The hourly_orders profile uses interval: 3600 because store_metrics records one orders figure per hour. Start by matching the period at which your data actually arrives.

How much history: num_patches and min_patches

These two settings control the most and the least history involved in a prediction.

num_patches is the context window: the maximum number of patches of recent history the model reads. More patches means more past cycles in view, so more seasonality the model can pick up — raise it when you want it to "see" weekly or yearly structure. The gains taper off, though; past a point you are feeding in old history that no longer reflects the present, for more tokens and no better forecast.

min_patches is the floor: the minimum history a profile requires before it will serve at all. Below it, a predict call returns 409 "Not enough data for this data profile." Raise min_patches when you'd rather refuse a low-confidence forecast than return one built on a handful of points — useful for a brand-new series where an early guess would be misleading.

Think of it as a range: min_patches is "don't even try below this," and num_patches is "stop looking back past this."

Resolution vs. horizon: patch_len and patch_spacing

A patch is the chunk of points the model reads and writes at a time. patch_len sets how many points are in that chunk. patch_spacing sets the stride between the points you actually use — it downsamples the series and, in doing so, stretches how far ahead each generated step reaches.

The key relationship: the effective time step between forecast points is interval * patch_spacing seconds. With interval: 3600 and patch_spacing: 1, each step is one hour. Bump patch_spacing to 3 and each step covers three hours — the same number of generated points now reaches three times further into the future, at coarser resolution.

So this is a trade between detail and reach. Keep spacing tight when you need fine-grained near-term forecasts; widen it when you care about a longer horizon and can accept a coarser step.

Levels vs. growth: use_diffs

use_diffs (the log-diff transform) tells the model to work on relative change — log growth from point to point — instead of the raw level.

  • Turn it on for series that grow or compound multiplicatively: revenue, prices, user counts, anything with a trend or that "doubles" rather than "adds." Modeling growth keeps a rising series from being anchored to where it used to be.
  • Leave it off for bounded or stationary levels that hover in a fixed range: utilization percentage, temperature, a saturation rate. These have a natural level to return to, and diffing them just adds noise.

A quick test: if doubling the units of your series should double its typical jumps, it's multiplicative — turn use_diffs on.

Masking dead time: exclude windows

Some series have recurring stretches where nothing happens by design — a market that's closed overnight, a store outside business hours. If you leave that dead time in, the model treats those flat or zero stretches as real signal and learns a pattern that isn't there.

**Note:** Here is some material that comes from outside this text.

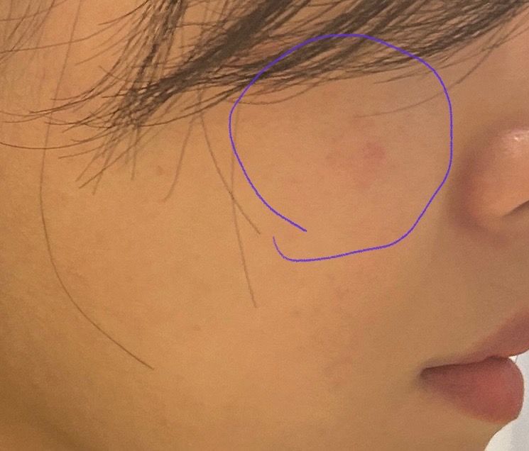 볼에 작은 붉은자국이 생겼는데

An exclude_window (a timezone plus a start and stop time-of-day) masks that recurring range so it's dropped from the series the model reads. Set one for the hours your series is structurally idle — say, masking overnight on a profile that reads market prices — so the open-hours behavior stays clean.

Tolerating gaps: fill_limit

fill_limit is the longest run of consecutive missing buckets that Temporis will forward-fill. A gap shorter than the limit is bridged by carrying the last value forward; a gap longer than the limit is left as a hole, and those rows are dropped.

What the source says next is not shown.